Утром ему стало плохо. Неизвестно, что явилось причиной – несвежая или слишком жирная пища, или приступ давления – вставая с кровати, он ощутил жгучую боль, волной поднимающуюся из желудка к горлу. Упав в бессилии на перину, он перегнулся через край кровати и попытался подставить ночную вазу – но не успел.
Рвота расколола его пополам, заставила корчиться и изгибаться подобно выброшенному на берег морскому животному. Густой поток хлынул из глотки, из носа, кажется, даже из ушей, пятная великолепный ширазский ковер; при этом в вазу угодило лишь незначительное количество его извержений.
Он долго не мог успокоиться; даже после опустошения его корчило, выворачивало сухими судорогами.
Служанка, которую он отпустил на свадьбу сестры, не придет – во всем доме он один, больной, беспомощный.
«Вы горгулья, мосье, – пошутил Анри над собой. – Проржавевшая насквозь, изломанная дожделейка». Не находя сил подняться, он так и лежал на животе, обозревая результаты своего приступа.
Ночная ваза – тяжелое, старинное изделие вольтеровских времен, украшенное позолотой, с узорами из переплетающихся листьев и цветочных бутонов, – запестрела красными сгустками. Может, это кровь? Мопассан стал вспоминать, когда последний раз у него шла горлом кровь.
Давненько, не сказать точно.
И ковер испорчен. Право, какое унижение чувствовать слабость во всех членах и неспособность подняться на ноги.
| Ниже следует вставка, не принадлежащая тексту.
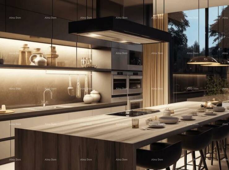 Projekt uključuje vlastitu solarnu elektranu i kišnicu sakupljanu u tradicionalnu cisternu (šternu), pogodnu za navodnjavanje, punjenje bazena i korištenje kao sanitarna voda.

Старость? – Кого ты обманываешь, Анри. Это всего лишь смерть, пунктуальная, серьезная дама, дает первый звонок, как в театре. Ты должен спешить, чтобы занять свое место, а вместо этого все еще мешкаешь в буфете, увлеченно заталкивая в рот безе. Стыдно, брат!
Молю вас, мадам, подождите немного, я сейчас, я не посмею опоздать…
Бледный свет с трудом пробивается сквозь кремовые гардины, и на розовые обои, которые когда-то казались верхом изящества, а сейчас вызывают скуку, и на тяжелую, добротную мебель времен Луи-Филлипа ложится как бы легкая белая дымка.
Оттого и представляется происходящее фальшью, сном, оттого и ведет он себя, будто во сне: голова – чугунное ядро, мышцы одеревенели, слова, рождаясь в недрах души, вылезают из губ немощными, отвратительными уродцами.